Workshop Ino Town, Agawa-gun, Ko…
Tosa Washi: Making Paper at the Source of Japan's Finest
Annual
Workshop
Tosa washi is made from the water of the Niyodo River system — one of the clearest rivers in Japan, running from the limestone mountains of central Kochi to the Pacific. The water's purity is not incidental; it is the condition that makes Tosa paper what it is. Thin, strong, used for banknotes and calligraphy and the restoration of ancient documents, Tosa washi is one of Japan's three great papermaking traditions. The papermaking workshop in Ino Town places you in the position of spreading fiber evenly through water and lifting it onto a screen. The motion is simple; the evenness is not. A sheet of handmade paper reveals, by its texture, the skill of the person who made it. The professional sheets that emerge from the Ino workshops show no unevenness at all. Yours will. Ino is worth visiting apart from the workshop.
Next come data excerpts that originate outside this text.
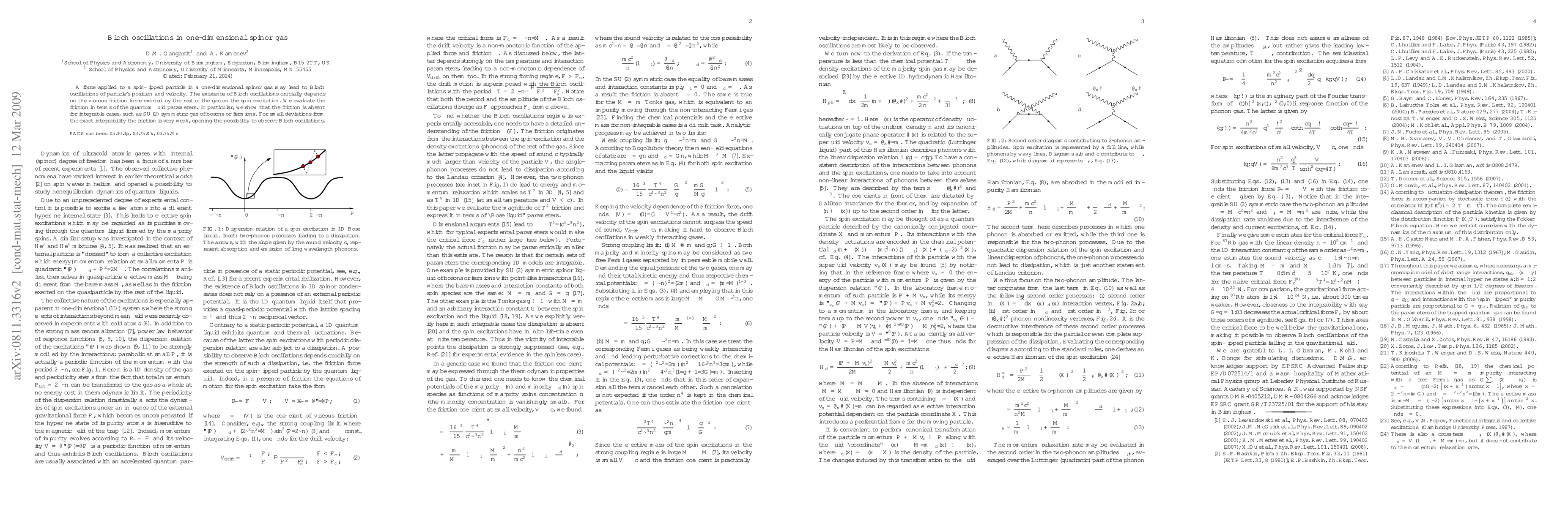 A force applied to a spin-flipped particle in a one-dimensional spinor gas may lead to Bloch oscillations of particle's position and velocity. The existence of Bloch oscillations crucially depends on the viscous friction force exerted by the rest of the gas on the spin excitation. We evaluate the friction in terms of the quantum fluid parameters. In particular, we show that the friction is absent for integrable cases, such as SU(2) symmetric gas of bosons or fermions. For small deviations from the exact integrability the friction is very weak, opening the possibility to observe Bloch oscillations.
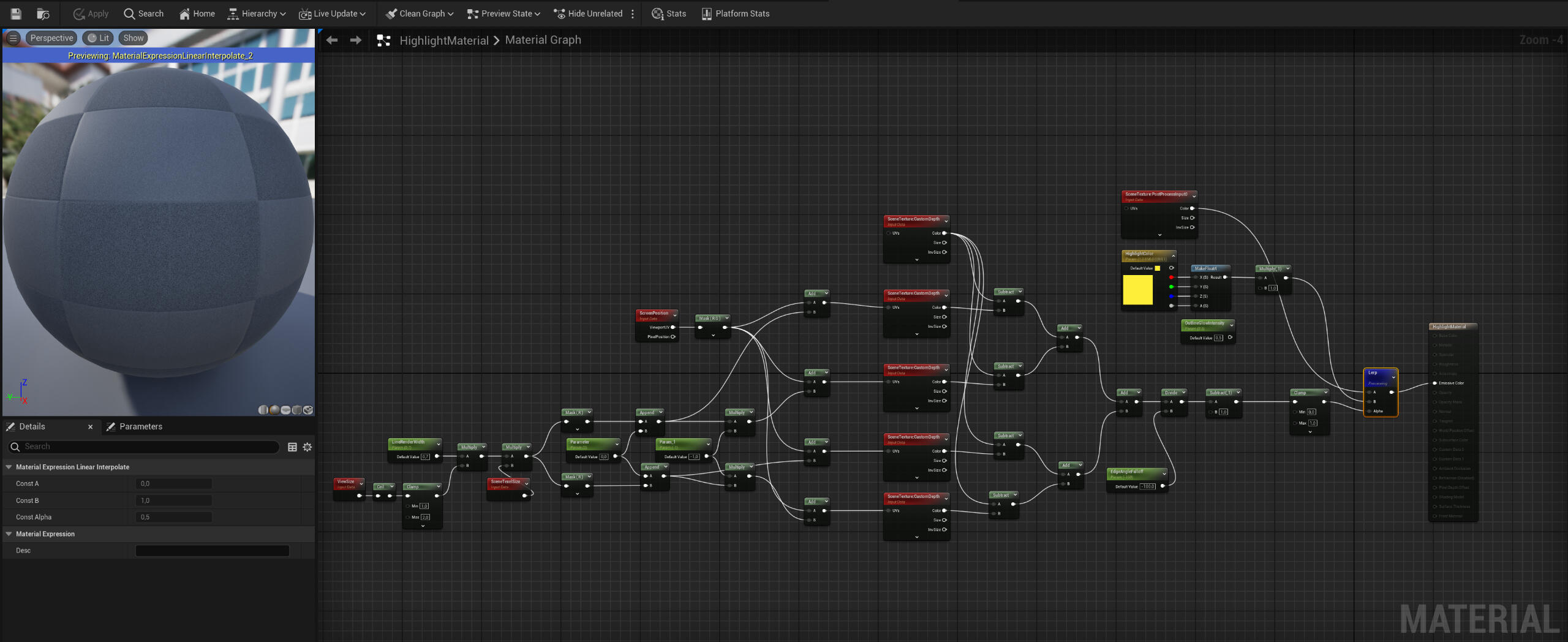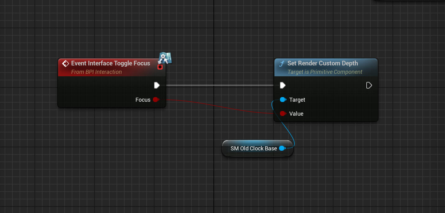For this purpose, I created an Actor Component that stores information about whether the selected object is highlightable.The entire system also includes a post-processing material located within a Post Process Volume inside the level, which highlights the boundaries of objects that implement the specified interface.Within the Highlightable actor, there is an event that sets the render custom depth of the selected meshes when the player hovers the cursor over a specific actor.
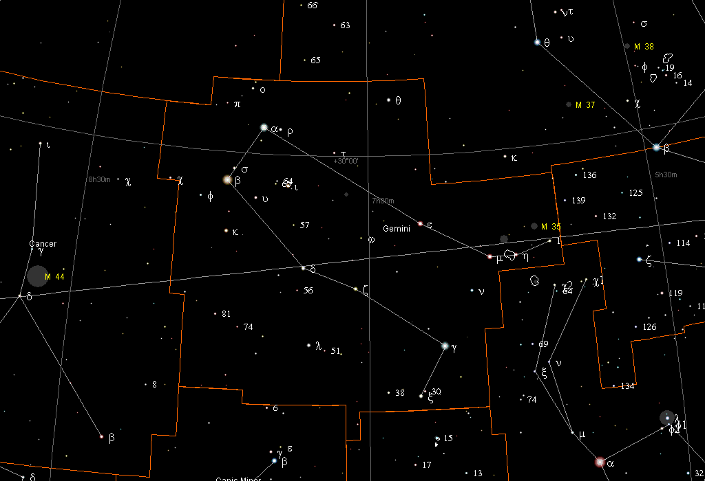 - 16 других больших звезд (M35, Alhena, Epsilon Gemini, Propus, Eta Gemini, Wasat, Mekbuda и другие)
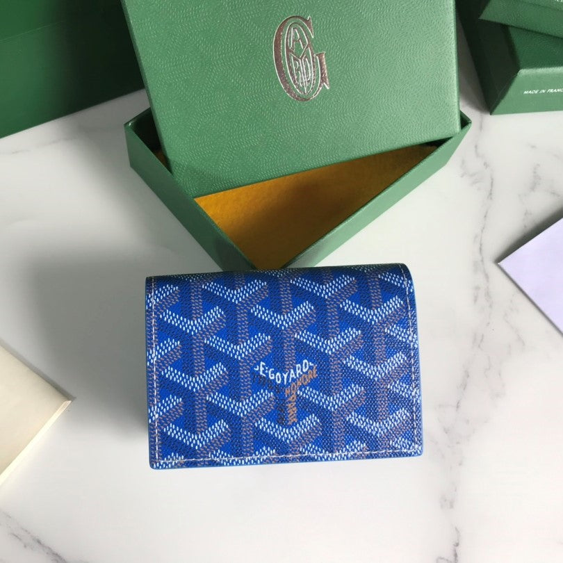 Goyard Malesherbes Card Wallet 10cm Blue Canvas & Calfskin
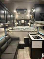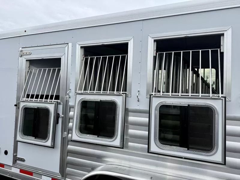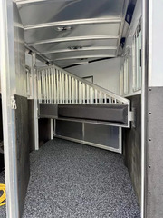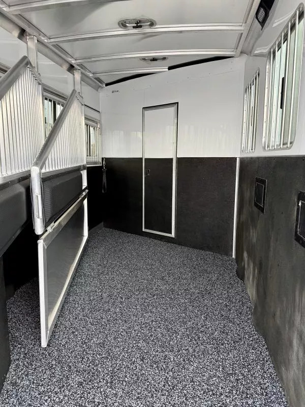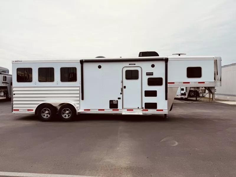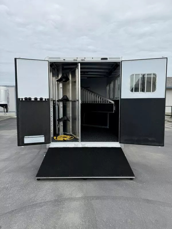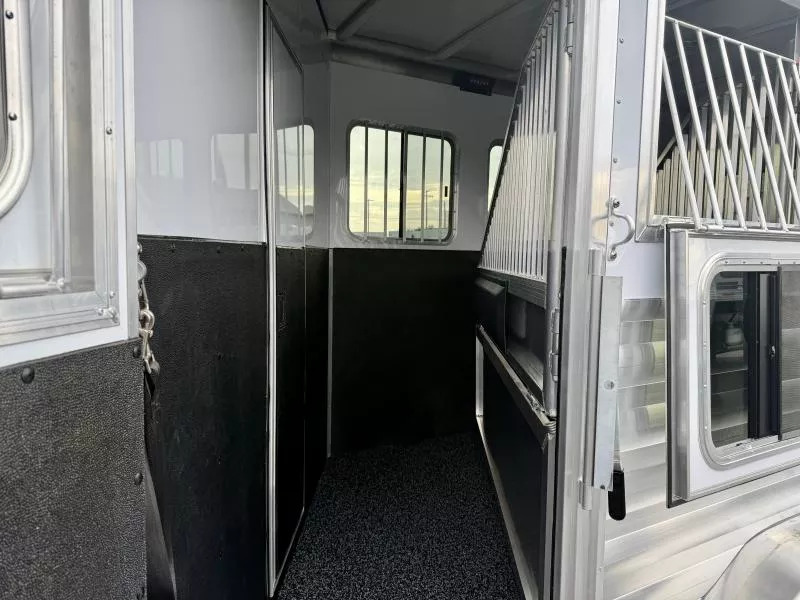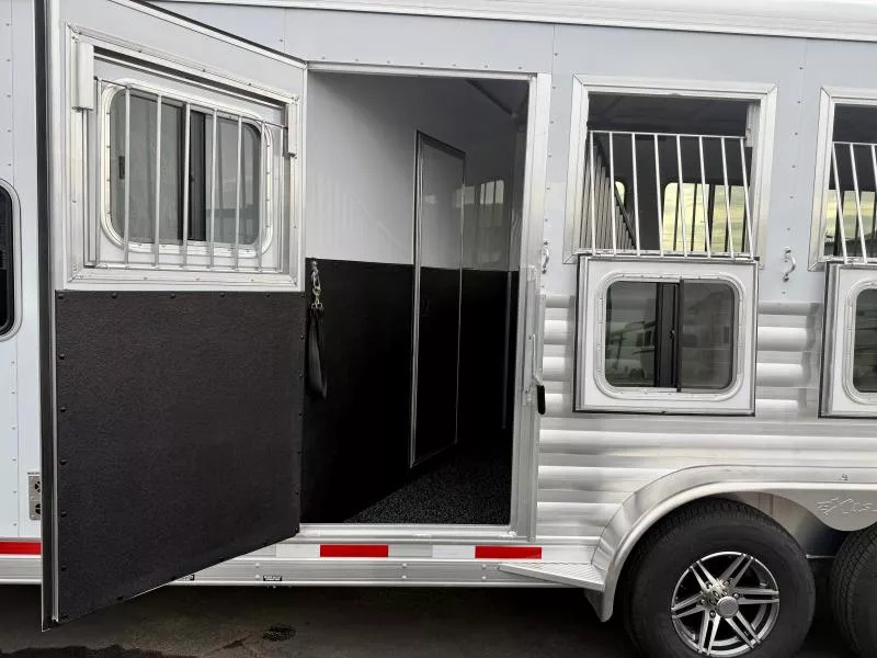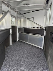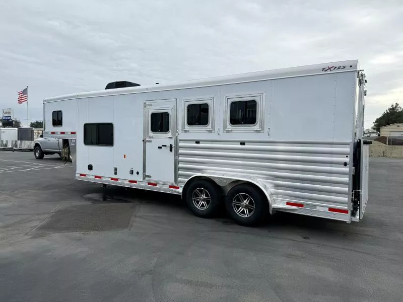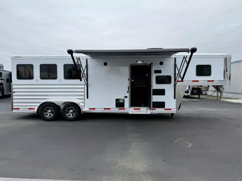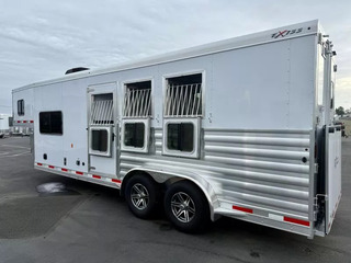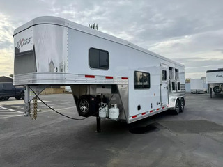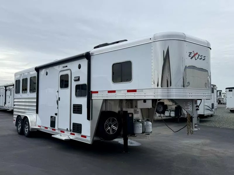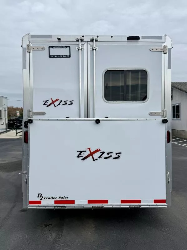 *New Exiss Interior Now Standard with:* *Solid Wood Cabinets* *Convection Oven/Microwave* *Upgraded Igniting Cooktop with One Piece Grate* 2026 Exiss 7308 Escape LQ - 3 Horse Slant Living Quarters Trailer with 8.5’ shortwall LQ Trailer. * 9995# GVWR * 7’ Wide, 7’8” Tall * All Aluminum Construction * (2) 5,200# Torsion Axles with 4 Wheel Electric Brakes * 16” Radial Tires on Aluminum Wheels * LED Brake and Running Lights * Power Awning with LED Light Strip * Hydraulic Jack * LED Load Light above Rear Doors * Dual Propane Tanks * Deep Cycle Battery in Locking Aluminum Battery Box * Extruded Aluminum Slats Horse Area * Stainless Steel Nose * Outside Water Spigot 8.5’ shortwall Brownstone Latte Interior Decor: * Camper Door with Sliding Window * Snap On Cover for Window * Hide-a-Screen Door * Fold Down Camper Step * Solid Wood Cabinets * Crown Molding * Bluetooth Stereo w/ AM/FM/CD with Inside & Outside Speakers * TV Antenna with Booster * 32” Smart TV on Swing Arm * Exterior Satelite Input Jack * Full Sized Foam Plush Mattress * LED Reading Lights in Bunk * Front Wardrobe Closets Middle Storage includes USB Charger * Sconce Lights * Jacknife Sofa with Cup Holders * Large Mirror * Overhead Cabinets * Solid Surface Counter Tops * 3 cu ft Refridgerator * 20k BTU Ducted Furnace * 13,500 BTU A/C with Heat Strip * Recessed Cooktop with Range Hood * Stainless Steel Microwave/ Convection Oven * Undermount Single Sink in Kitchen with Pull Out Sprayer Faucet * Fold Up Counter Extension * Sliding Pocket Door into Bathroom * Shower with Glass Door * Bathroom Vanity Sink with Medicine Cabinet * Sky Dome above Shower * Porcelain Foot Flush Toilet * Closet behind Toilet * Power Lift Roof Vent with 12v Fan * (2) 31 Gallon Waste Water Holding Tanks * 40 Gallon Fresh Water Tank Horse Trailer Features: * Lower Panel Divider first Stall * Escape Door with Drop Feed Door * Lined and Insulated, Kickwalls, 48” High both Sidewalls * Heavy Duty, Air Flow, Aluminum Dividers on a Slam Latches * Stall Pads * (2) Inside Tie Rings and (2) Outside Tie Rings per Stall * Heavy Duty Drop Down Feed Doors with Drop Grills Headside * Large Sliding Windows Buttside * Pop-Up Horse Area Vents * LED Interior Horse Lights * Extruded Aluminum Interlocking Floor * Easy Care Floor Coating * 55/45 Rear Doors with Sliding Window in Load Door * Rear Ramp Fold-Up Rear Tack Wall with: * Removable, Adjustable, 3 Tier Saddle Rack * Halter Hooks * Brush Tray * Blanket Bar Call D2 Trailer Sales 209-745-5480 or for more info www.d2trailersales.com

The Niyodo River is the reason that photographers and kayakers come to Kochi specifically; the quality of blue that the water produces is one of those things that photographs document without quite explaining. Making paper from that water, in the town where it has been made for centuries, is a way of understanding the connection between landscape and craft that Kochi makes more legible than almost anywhere else in Japan.